Когда эскадра Корнилова входила в Синопскую бухту, перед ней предстало следующее зрелище: «Большинство турецких фрегатов ещё горело, и когда пламя доходило до заряженных орудий, происходили сами собой выстрелы, и ядра перелетали над ними… Весь рейд и наши корабли ярко были освещены пожаром…»

Один из очевидцев описал встречу двух друзей-адмиралов: «Мы проходим совсем близко вдоль линии наших кораблей, и Корнилов поздравляет командиров и командиры отвечают восторженными криками «ура». Подойдя к кораблю «Мария» (флагманскому Нахимова), мы садимся на катер нашего парохода и отправляемся на корабль, чтобы поздравить… Мы поднимаемся, и оба адмирала кидаются в объятия друг друга…»

«Бой в 2 часа 30 минут почти прекратился, — записано в шканечном журнале корабля «Три Святителя». — Правый фланг турецкой эскадры был окончательно сломлен, между тем как на левом были слышны изредка выстрелы с фрегата «Дамиад»; «Париж» продолжал бить по нему из всех орудий».
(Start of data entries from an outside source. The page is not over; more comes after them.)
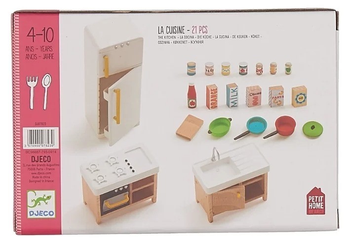 Эта кухня для кукольного дома от известного производителя DJECO, идеально подойдет для детей от 4-х лет. В набор входит: холодильник, тумба с мойкой, духовой шкаф с плитой и полочками, кастрюльки и множество маленьких цветных элементов, с которыми игра станет еще интереснее.Размер упаковки- 17 х 15 х 6 смДля кукол размером 9-12 смПроизводитель: КитайСтрана бренда: ФранцияПроизводство: КИТАЙ
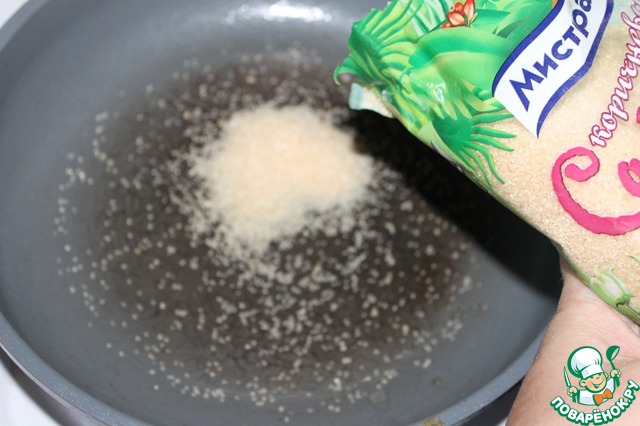 Апельсин филеровать и обжарить в коричневом сахаре в течение пары минут Сюда же выдавить апельсиновый сок, который остался в перепонках апельсинки
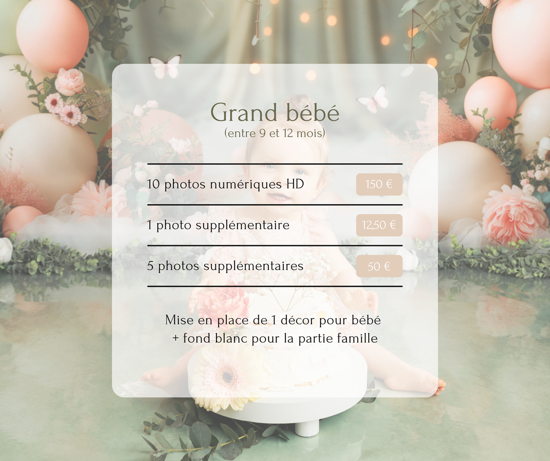 Si vous souhaitez opter pour le type de séance "smash cake", où bébé peut explorer et s'amuser avec un gâteau d'anniversaire, veuillez noter que le gâteau doit être acheté par vos soins. Cela permet d'éviter tout problème d'allergie et de s'assurer que bébé profite pleinement de cette expérience ludique. De plus, il est également possible d'utiliser une bassine avec de l'eau et un peu de lait pour une séance " bain de lait ", une activité que les bébés adorent !
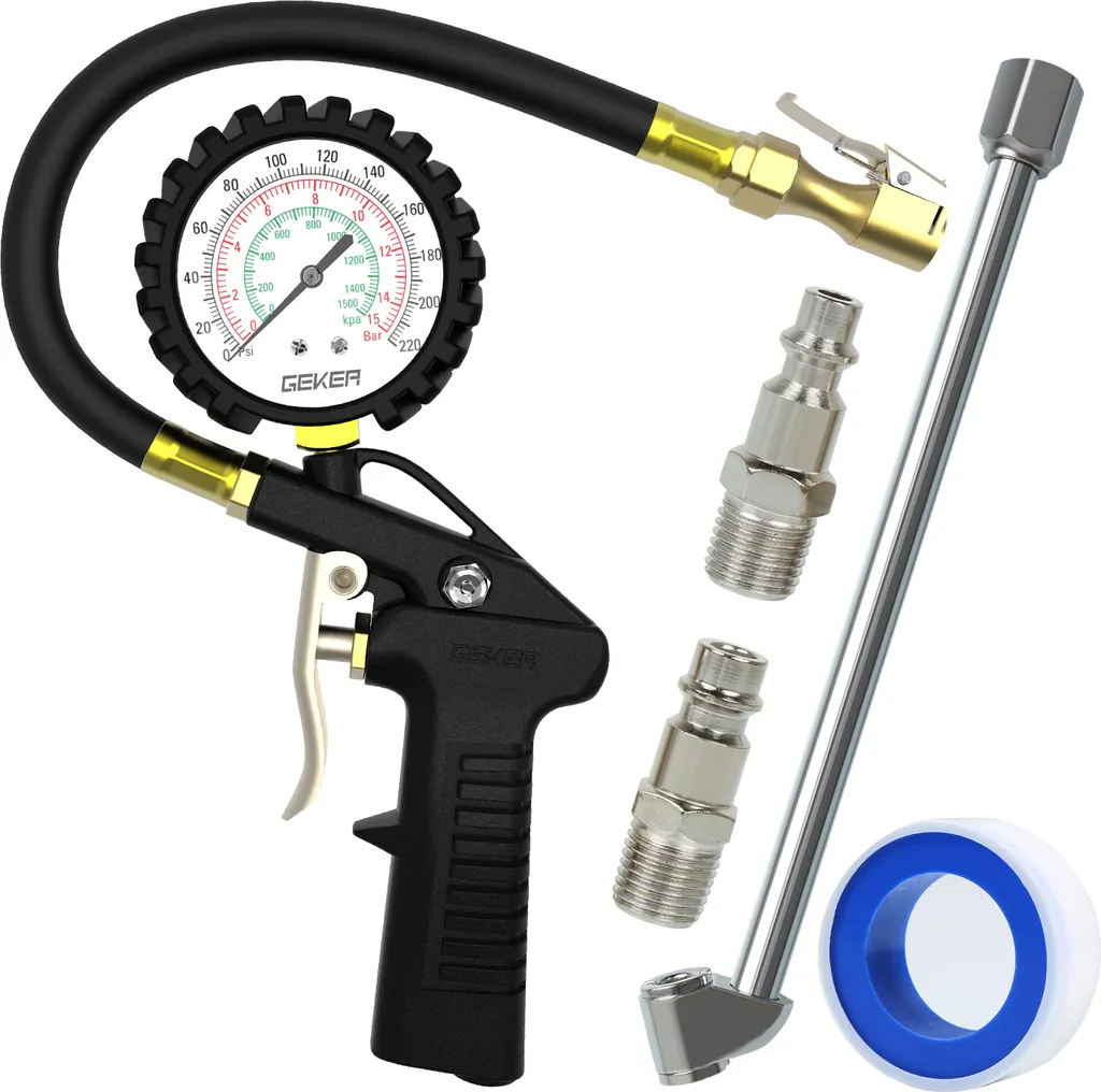 Reifenfüller Reifendruckmesser Reifendruckprüfer Luftdruckprüfer Hohe Präzision 220 PSI Für Auto Motorrad PKW LKW Reifenfüll-Messgerät, GEKER
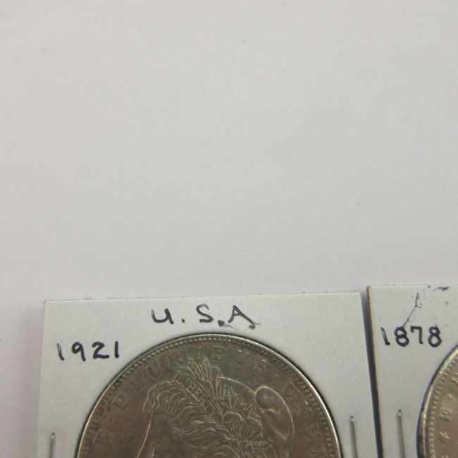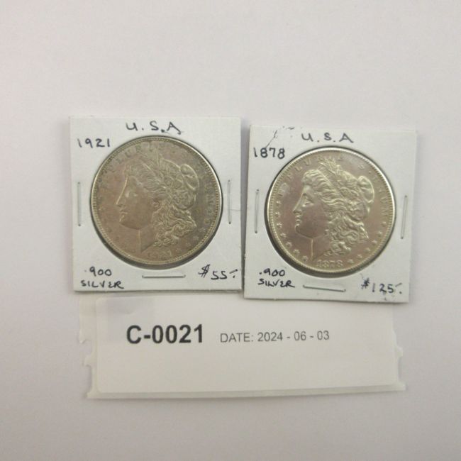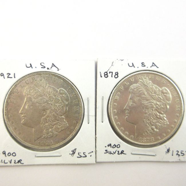 Current Bid: $86.00 [Refresh Price]YOU WILL NEED TO REFRESH THIS PAGE TO SEE UPDATED BID (Log in and this will update automatically) You must LOG IN or REGISTER to see this full page auction listing and bid. Auction is Over Winning Bid Amount: $86.00 **Lot Details: (LOT: C21) - USA Two Beautiful Morgan Silver Dollars. 1878 Full Feather Details, Gorgeous Condition. 1921 Showing very light wear. Both are .900 Silver. Log in to add this lot to your watch list or place a bid |
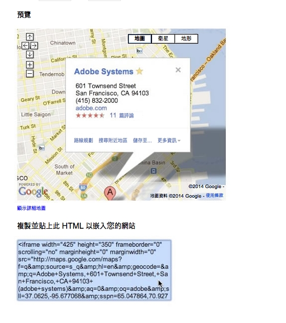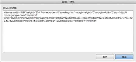 從 Google 視窗拷貝產生的 HTML。或者,如果您不想產生您自己的 Google 地圖程式碼,您可以直接拷貝以下原始碼:
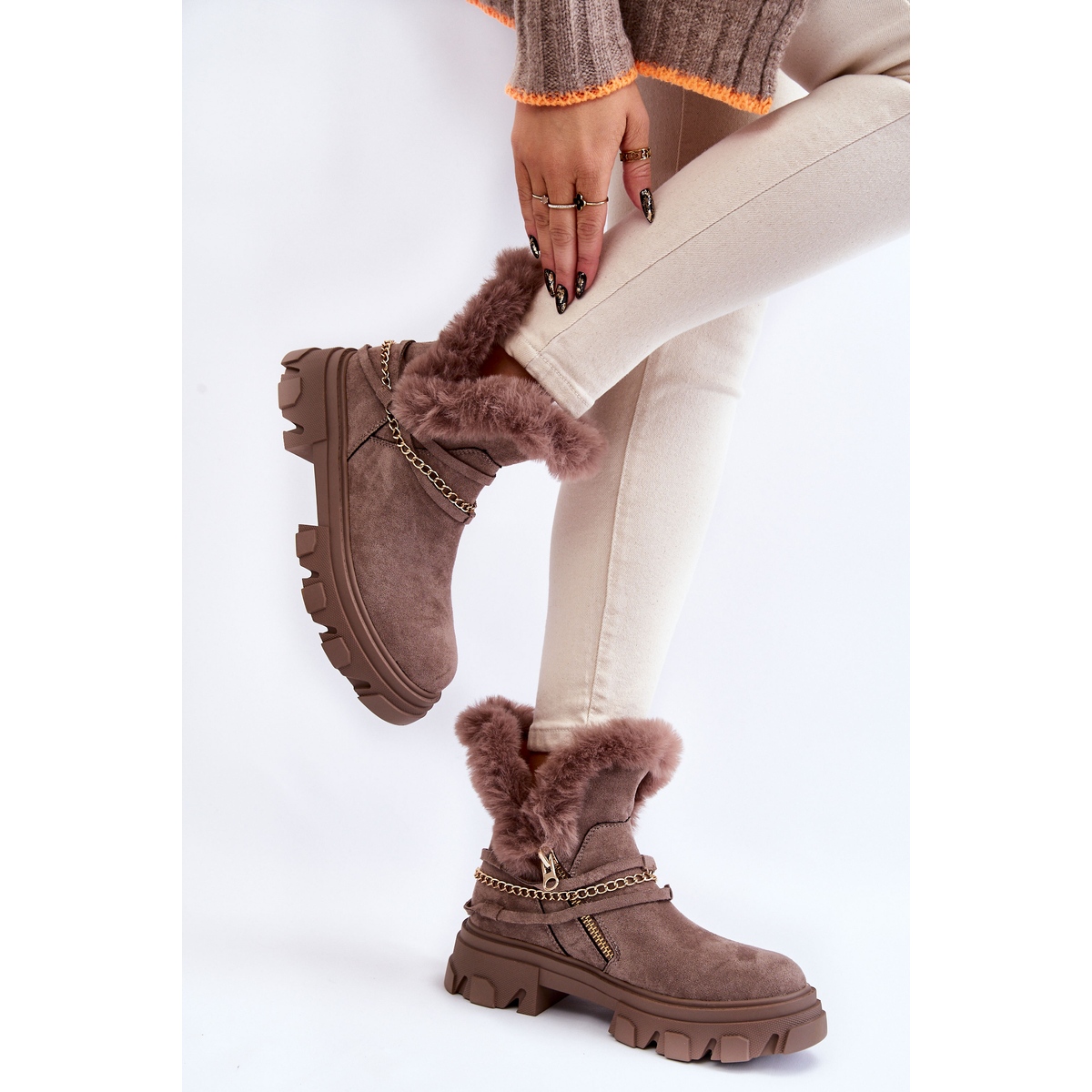 Découvrez l'élégance et le confort avec les bottes en daim PM1 uniques pour femmes avec une chaîne décorative en marron clair. Fabriquées en éco-daim de haute qualité, ces bottes à la mode attirent l'attention avec une sangle décorative originale et une chaîne qui peuvent être retirées à volonté, vous permettant de les adapter à différents styles.
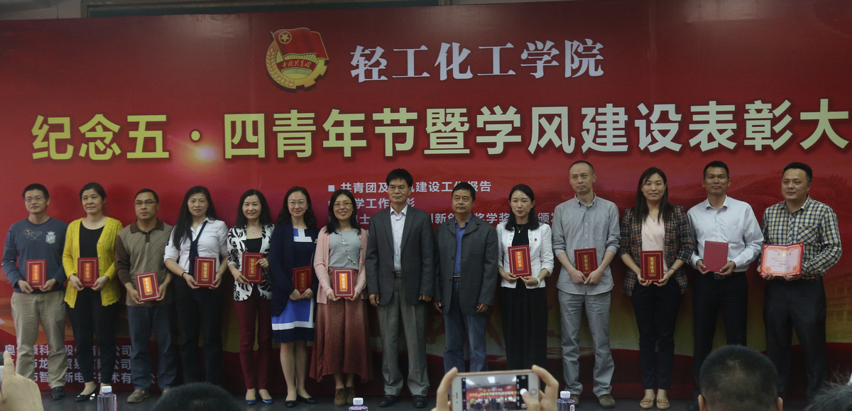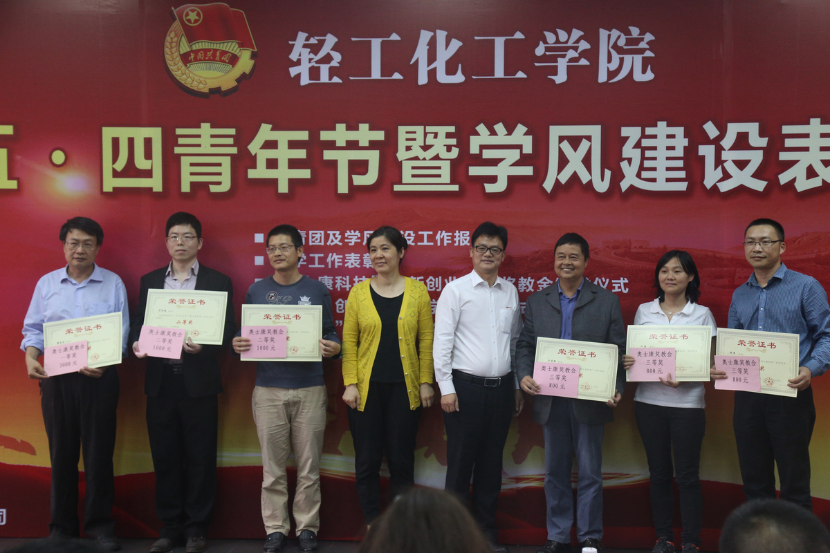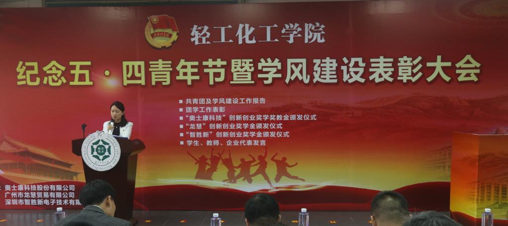 教师代表,奥士康公司王国安经理、龙慧公司符劲总经理、智胜新公司余克壮总经理共同为获得表彰的优秀团支部等16项荣誉、3项企业创新创业奖学金的领奖代表颁发了奖状或证书。学院领导给三家企业的代表赠送了锦旗,感谢企业热心支持育人工作。
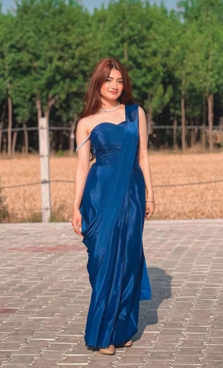 The bodice fits like couture — tailored with elegance to flatter the bust and waist — while the attached drape unfolds into a cascade of satin that mimics a saree’s pleats and pallu. The silhouette thus achieves the best of both worlds: the drama of traditional draping and the convenience of contemporary fashion.
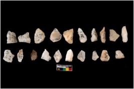 | Description / विवरण | Specimen of flakes tool with prominent flaking marks. It made up of a short flakes with sides trimmed. |
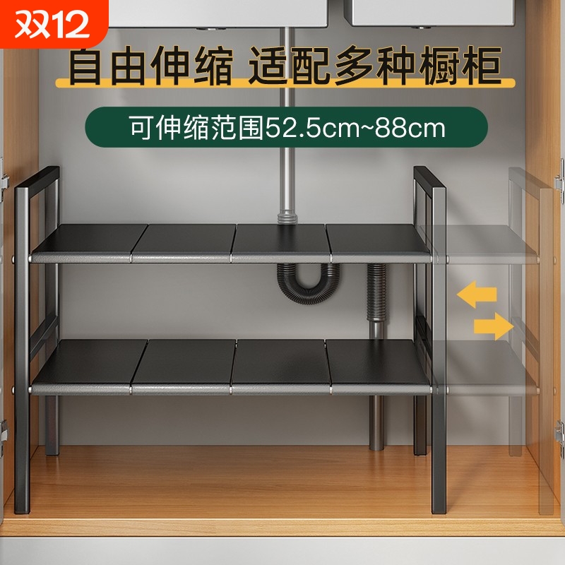 厨房下水槽置物架橱柜内分层架家用多功能可伸缩用品大全收纳架子
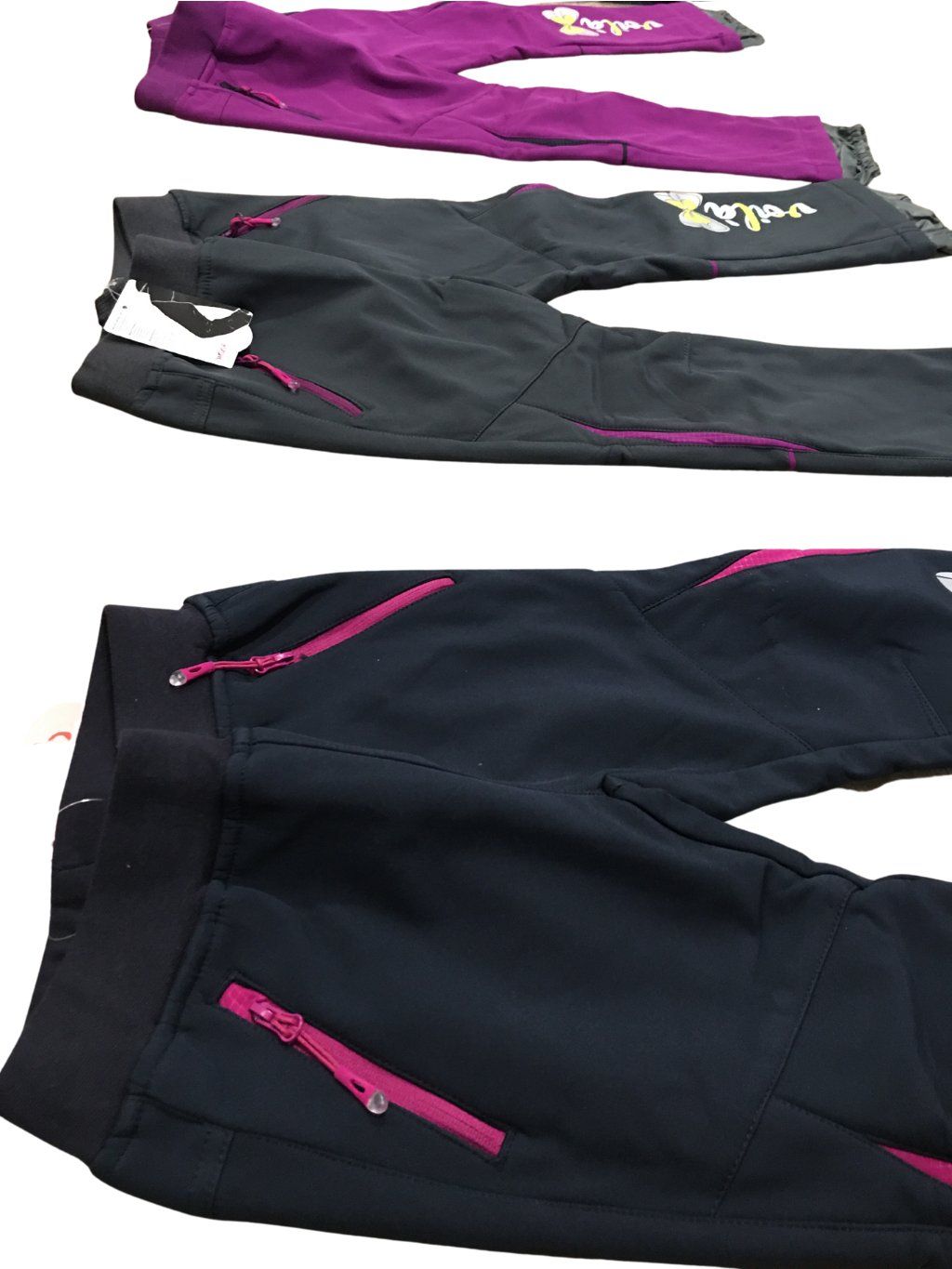 Kalhoty zateplené flaušem jsou vodoodpudivé (tzn voda po nich stéká, nevsakuje se), odolné proti větru, v pase do širšího nápletu, v polovině šířky nápletu je guma a tkanička na stažení, dole v nohavici šusťáková vsadka , která brání vniknutí vody a nečistot do bot, na přední straně dvě kapsy na zip reflexní prvky.

«К трём часам канонада смолкла, бой был окончен совершенно. Неприятельской эскадры не существовало».

15 уничтоженных судов из 16. Ни один русский корабль не потерян.

Проста до какого-то гордого, справедливо гордого лаконизма эта последняя фраза.

«Михаил Петрович Лазарев, вот кто сделал всё-с», — скажет потом его гениальный ученик Нахимов.

Вот оно — русское искусство побеждать и только русским присущее умение скромно замалчивать заслуги.

После окончания Крымской войны, когда печальная слава Черноморского флота была на устах у оставшихся в живых свидетелей севастопольской эпопеи, в течение почти двух десятилетий страниц русских журналов, альманахов и газет не покидал жанр воспоминаний. В них близкому эху недавно отгремевших орудий отзывались дневниковые записи и мемуары флаг-офицеров, капитанов и других служивых людей. Героические военные будни можно было воссоздать по ним день за днём. Те же, кто лично знал, служил под начальством или даже просто слышал о Корнилове и Нахимове, старались силами своего творчества внести лепту в увековечивание этих исторических деятелей. Долгое время почти ни один выпуск «Морского сборника» [123] не выходил без публикации, где бы не упоминалось об адмиралах. И безусловно, что любой новый штрих, любая новая их оценка, появлявшиеся в печатных органах, приобретали особенно важное значение и получали широкий отклик общественного мнения.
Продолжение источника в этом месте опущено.